Posted: 04 May 2011 05:17 PM PDT

PORTLAND, Ore (Reuters) – A train derailed and smashed into a parked train carrying ethanol outside Portland, Oregon on Wednesday, sparking an intense fire that forced homes and businesses to evacuate.

The flames were so fierce that firefighters were withdrawn from the immediate area and attacked it from turrets from across a highway, Portland Fire and Rescue Bureau spokeswoman Alisa Cour told Reuters.

Crews dumped water on the blaze for about three hours before putting it out about 4 p.m. local time, Cour said.

Homes and businesses were evacuated for a one-half mile radius but no injuries were reported.

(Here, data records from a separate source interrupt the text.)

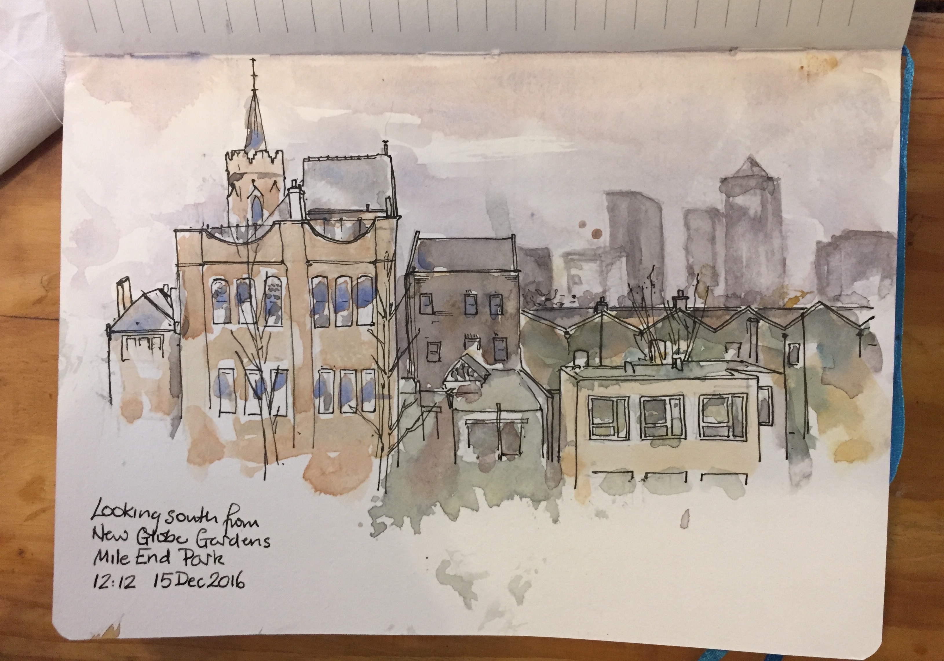 A vista of Islington development, drawn from a bench in St Luke’s Gardens.
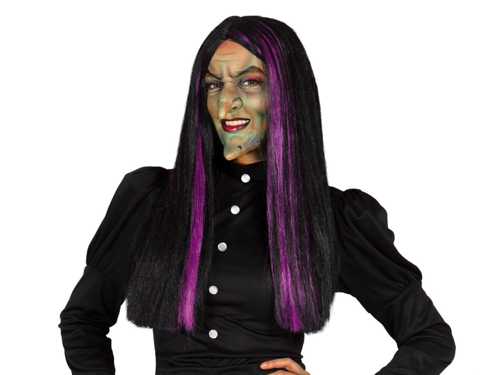 • Boszorkány paróka fekete színben, lila kiemelésekkel. Halloween jelmez kiegészítő.
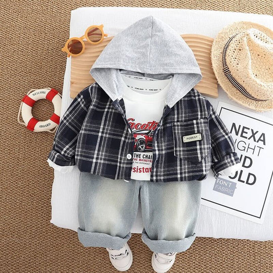 New Hooded checkered three piece piece set

Firefighters were still spraying water after the fire was out "to make sure there are no residual flames," Cour said.

Several agencies are on the scene evaluating the area around the accident for possible environmental issues.

Cour estimated that between 30-40 trucks from Portland, Scappoose Fire Department and Tualatin Valley Fire and Rescue were at the scene.

Three of the 13 tanker cars carrying ethanol were burning, said Michael Williams, director of corporate communications for Genesee & Wyoming Inc., which owns the railroad.

Highway 30, which runs parallel to the train tracks, was closed.

The cause of the derailment is not yet known, Williams said.

Cour had no estimate of how long it would take to douse the fire.